Learning or Management Systems? « Connectivism - 1 views

  • Two broad approaches exist for learning technology implementation: The adoption of a centralized learning management approach. This may include development of a central learning support lab where new courses are developed in a team-based approach—consisting of subject matter expert, graphic designers, instructional designer, and programmers. This model can be effective for creation of new courses and programs receiving large sources of funding. Most likely, however, enterprise-wide adoption (standardizing on a single LMS) requires individual departments and faculty members to move courses online by themselves.
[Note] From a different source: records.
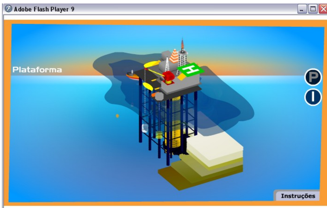
Figura 2: Após o clique no botão “ENTRAR”, surgirá na tela da nossa plataforma virtual. Nela nós encontramos no lado direito na lateral dois botões que permitem a escolha de qual ambiente o usuário pretende observar (“P” de plataforma e “I” de ilha onde se encontra a refinaria).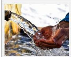
Calidad del Agua

Incluir criterios de salud pública en la gestión integrada de las cuencas hidrográficas y promover la utilización de soluciones basadas en la naturaleza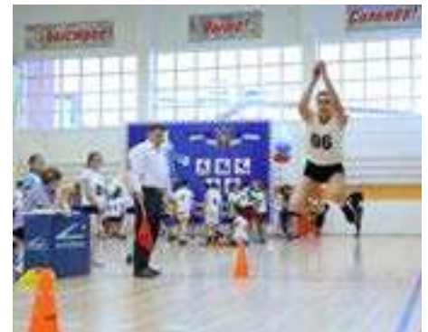
выполняли тройные прыжки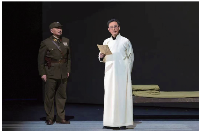
《瞿秋白》剧照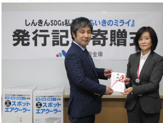
〈寄贈品贈呈の様子〉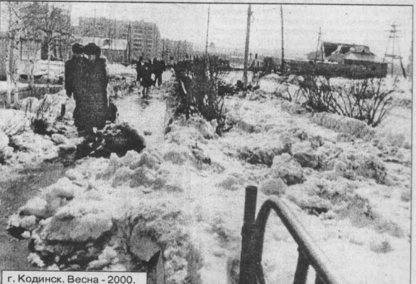
г. Козинск. Весна - 2000.

А может быть, нас ждет приятный сюрприз, и в ближайшие дни город будет очищен от снега? Честно говоря, верится в это с трудом. Если раньше в городе еще можно было увидеть снегоборочные машины, то, похоже, в этом году КМУП ЖХХ решило не заниматься этим делом вовсе. Или оно сейчас копиет силы для решающей битвы за город?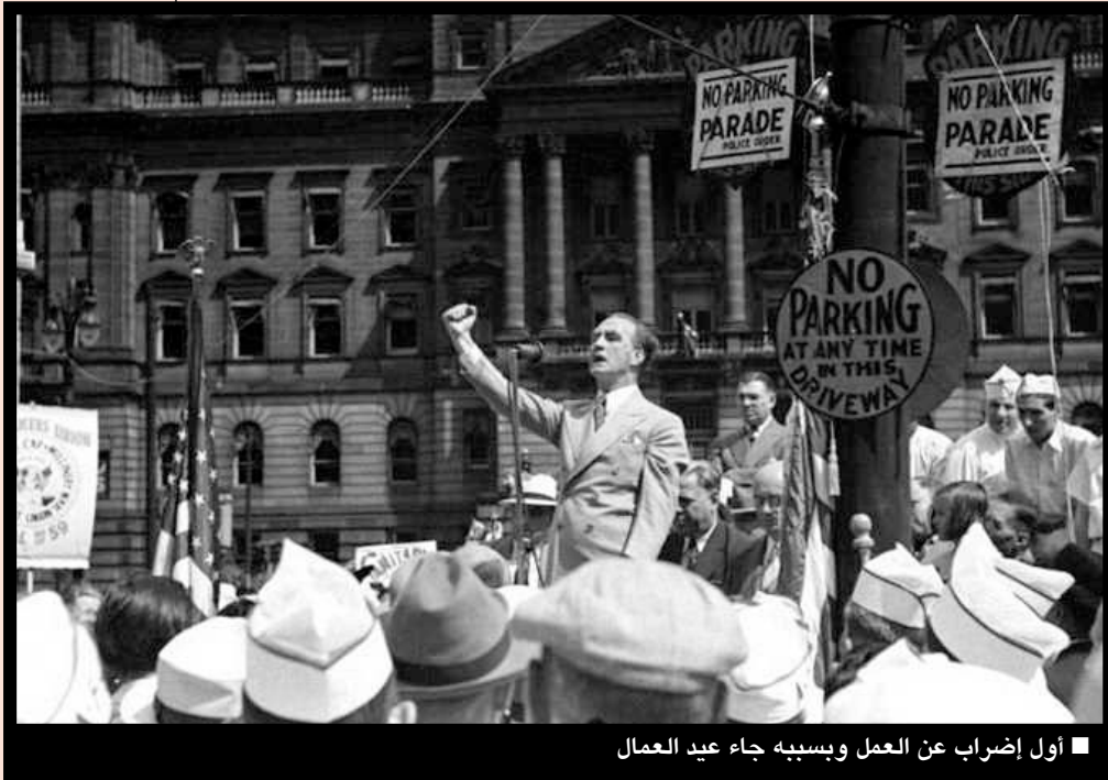
■ أول إضراب عن العمل وبسببه جاء عيد العمال

يحتفل به في يوم 1 مايو وهو يوم عطلة عامة. في كثير من البلدان يسمى بعيد العمال العالمي أو عيد العمال، حيث يتم تنظيم احتفالات من قبل النقابات العمالية والاتحادات والجماعات الاجتماعية. وهو يوم عطلة في الكثير من الثقافات.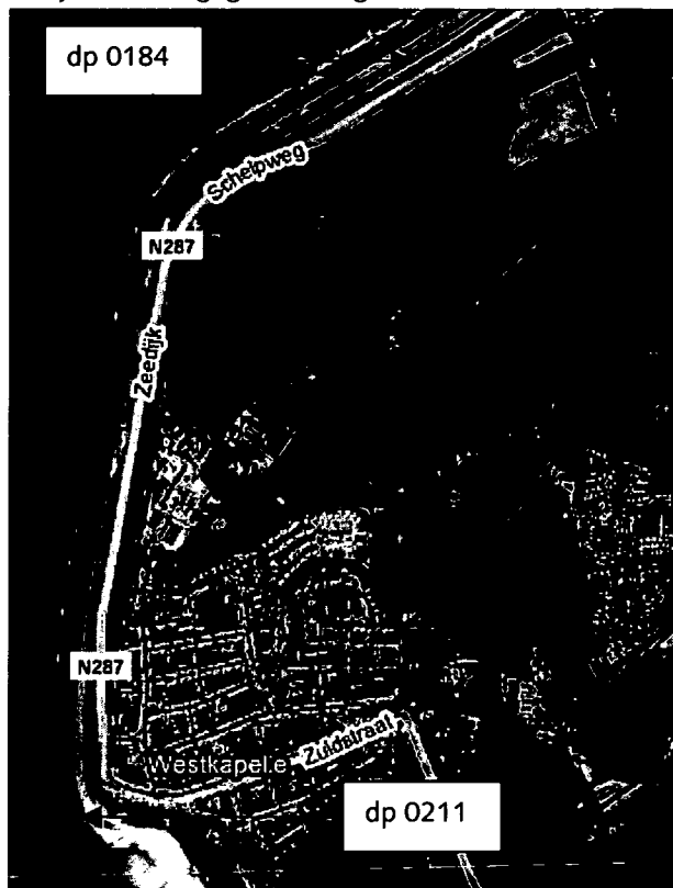
Figuur 1: Luchtfoto Westkapelse Zeedijk fase 1 dp 0184 – dp 0211

Een luchtfoto van het traject is weergegeven in figuur 1.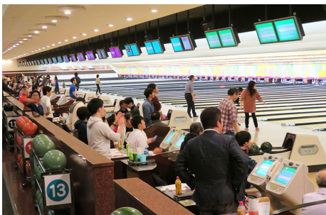
ストライクに大きな歓声が飛び、大いに盛り上がった

2月1日(土)、星が丘ボウル(名古屋市千種区)で、2019年度 AiAボウリング大会を行いました。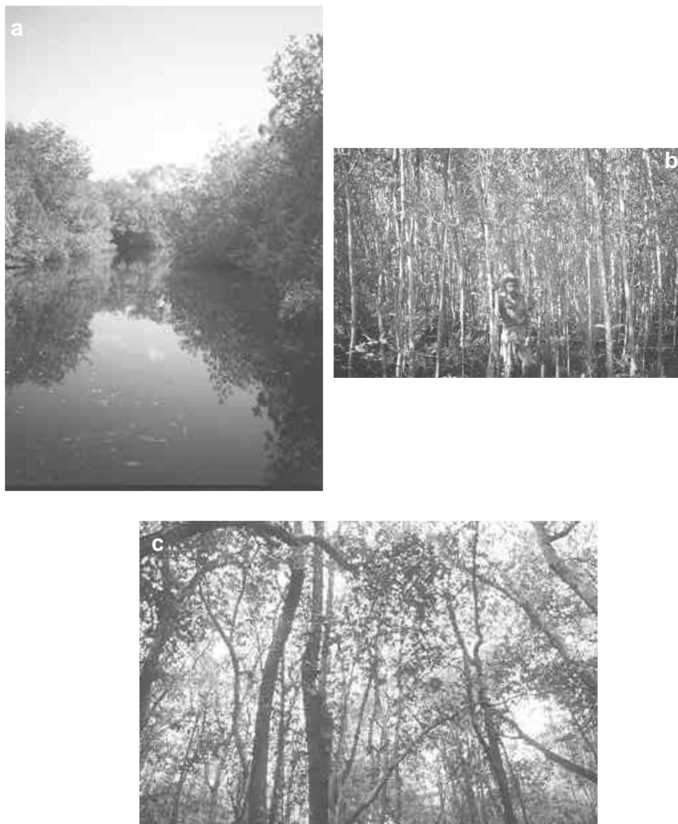
Figura 2. Zonas de protección (a), producción (b) y conservación (c) en los manglares del Ejido de San Blas, estado de Nayarit, costa Pacífica de México.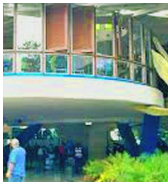
Coppelia sin cola.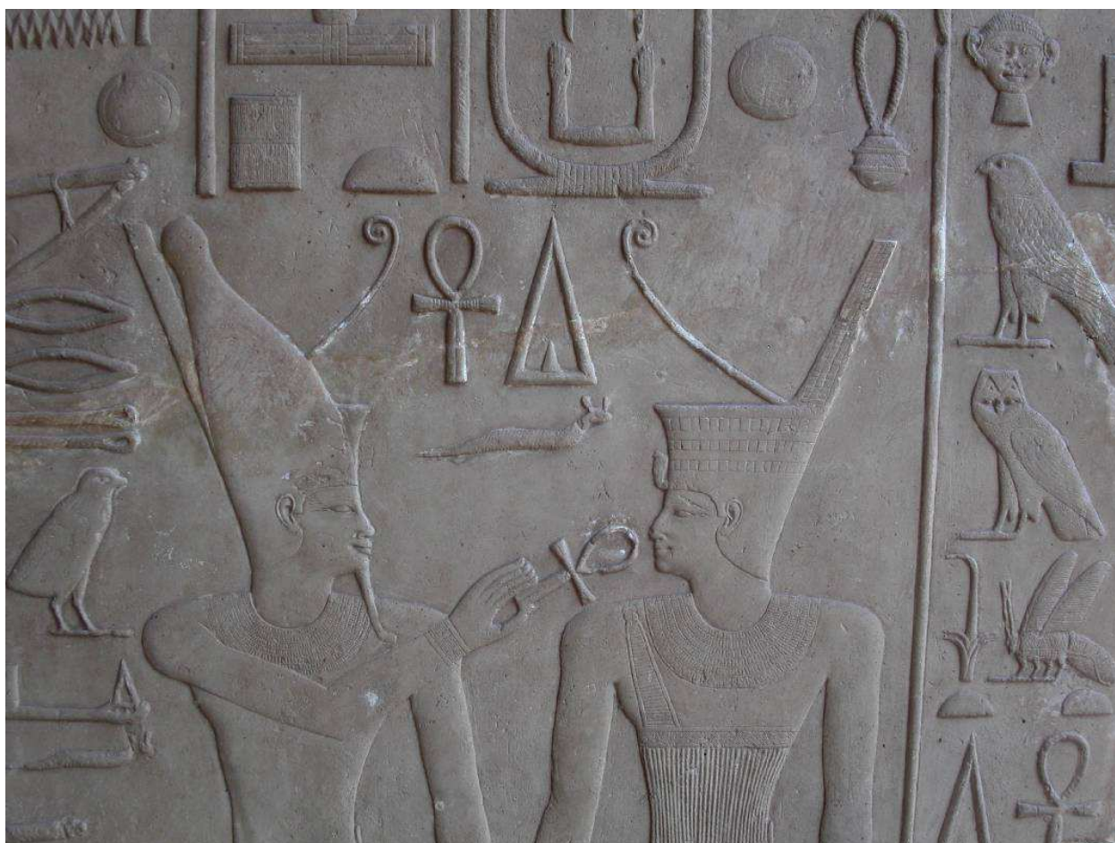
Sesostris I får livets tegn af guden Atum. Relief på det hvide kapel.

nye dæmning i perioder var oversvømmet. Her kunne man tydelig fornemme templet som en urhøj omgivet af det våde element.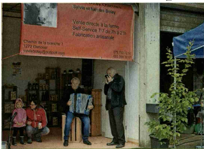
Les Bolay proposent un self-service à la ferme.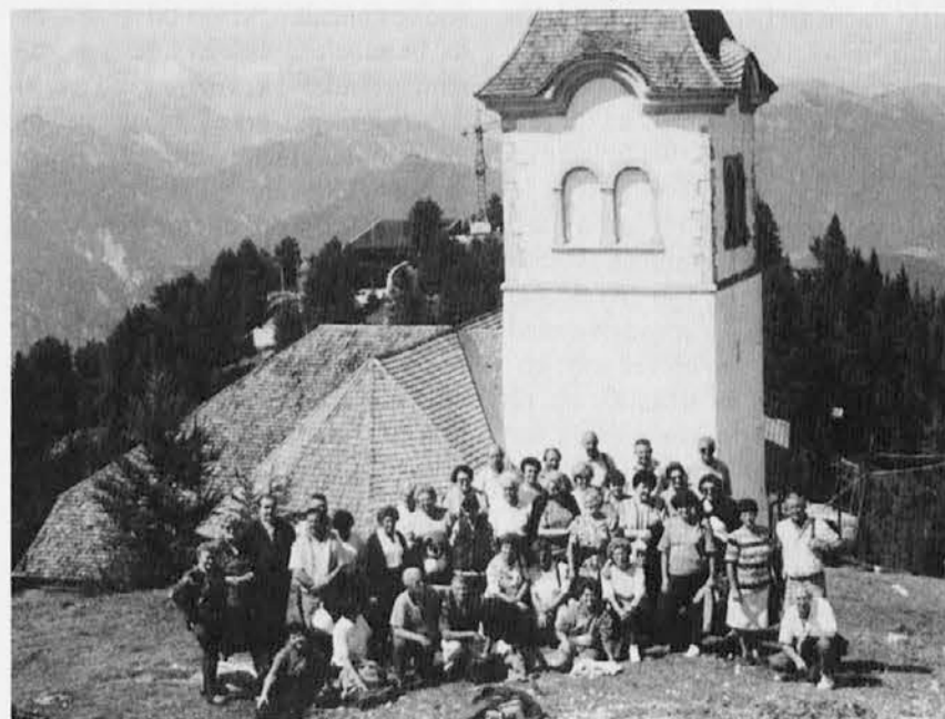
Na sliki skupina štandreških romarjev na Sv. Višarjah

Letošnje poletje je bilo s suhim vremenom zelo primerno za razna romanja, predvsem še v kraje, kjer stojijo svetišča v višjih legah. Svete Višarje so bile vedno zelo priljubljena božja pot in tudi letos jo je obiskalo veliko goriških romarjev iz raznih župnij. Zadnje nedeljo v avgustu so k Mariji na Sv. Višarje poromali tudi štandrežci. Poleg avtobusa so številni prišli z osebni-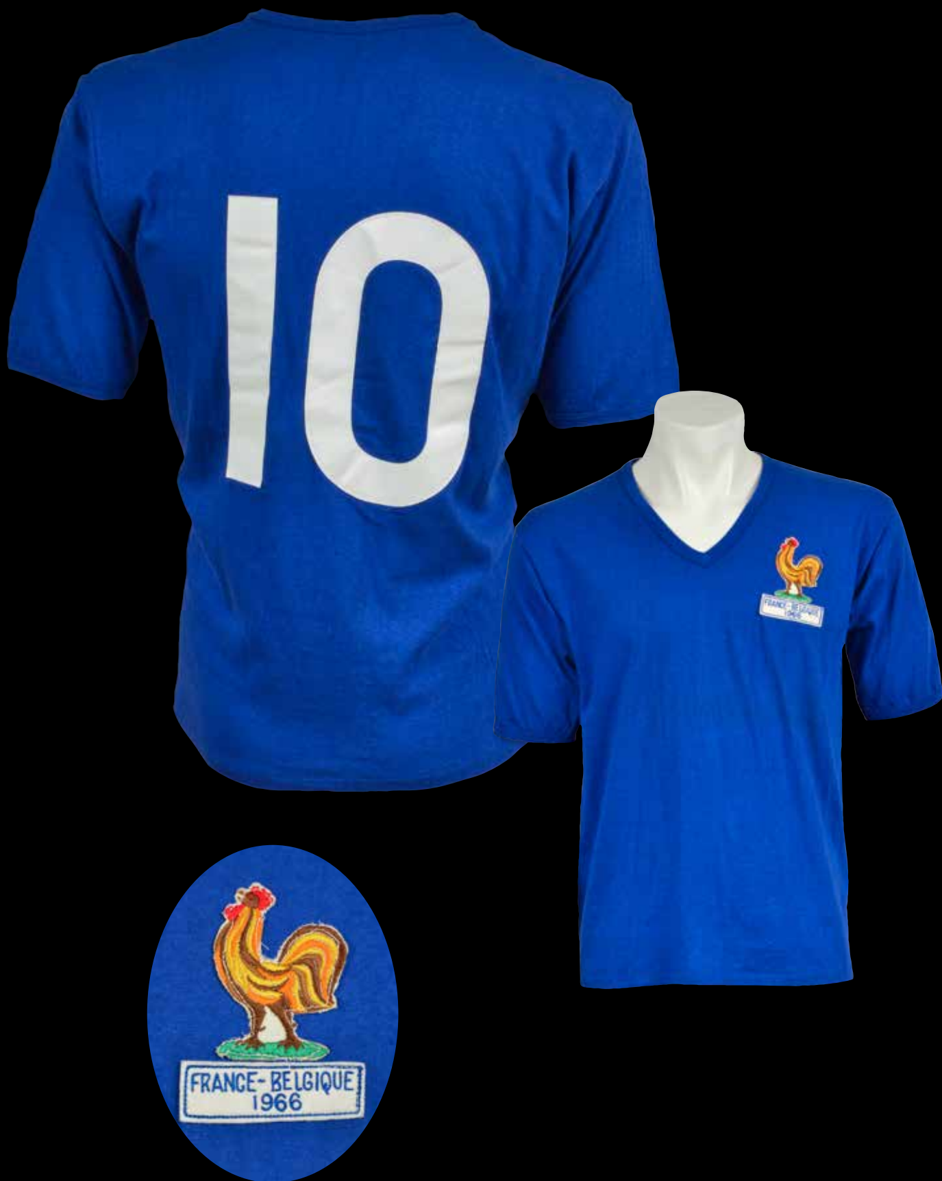
382 Jacky Simon . Maillot N°10 de l'équipe de France pour la rencontre internationale face à la Belgique le 20 avril 1966 au Parc des Princes. Victoire des Belges 3-0. Le joueur aura 15 sélections en équipe de France et marquera 1 but. Marque Allen Sports. Taille 4/5. 4 000 /6 000 €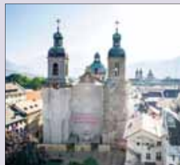
Aufgezeigt Kunst: Weltgestalten Seite 11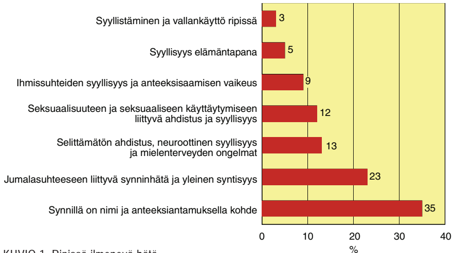
KUVIO 1. Ripissä ilmenevä häjä

Paljon ongelmallisempi oli tilanne silloin, kun ihmisen häjä oli selittämätöntä ahdistusta, neuroottista syylisyyttä tai mielenterveyden ongelmia (13 %), seksuaalisuuteen (12 %) tai ihmisuhteisiin (9 %) liittyvää syylisyyttä tai jos hänelle oli muotoutunut tavaksi tarkastella ylipäänsä elämää syylisyydestä käsin (5 %). Absoluution käyttö auttamisvälineenä oli hyvin ongelmallinen myös silloin, kun ripittäytyjä oli itse joutunut vallankäytön – esimerkiksi alistetuksi tulemisen tai inestien – uhriksi (3 %). Näissä tapauksissa synninpäästö ei välttämättä toiminnut ollenkaan ihmistä auttavasti, vaan päinvastoin se saattoi sitoa ihmisen hänen syylisyyteensä. (Kettunen 1998, 265, 290–385)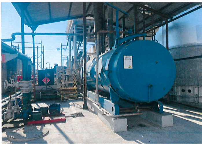
Fotografía 2: Caldera de respaldo.

Support may be provided for learning how to use the LMS, but moving content online is largely the responsibility of faculty. This model works well for environments where faculty have a high degree of autonomy, though it does cause varying levels of quality in online courses. Personal learning environments (PLEs) are a recent trend addressing the limitations of an LMS. Instead of a centralized model of design and deployment, individual departments select from a collage of tools—each intending to serve a particular function in the learning process. Instead of limited functionality, with highly centralized control and sequential delivery of learning, a PLE provides a more contextually appropriate toolset. The greater adaptability to differing learning approaches and environments afforded by PLEs is offset by the challenge of reduced structure in management and implementation of learning. This can present a significant challenge when organizations value traditional lecture learning models.
    • Keith Hamon
       
      QEP as I envision it leans heavily toward the second of these two approaches.
    • Thomas Clancy
       
      Indeed, these two stood out for me, too! We are all about developing PLEs / PLNs for our QEP students.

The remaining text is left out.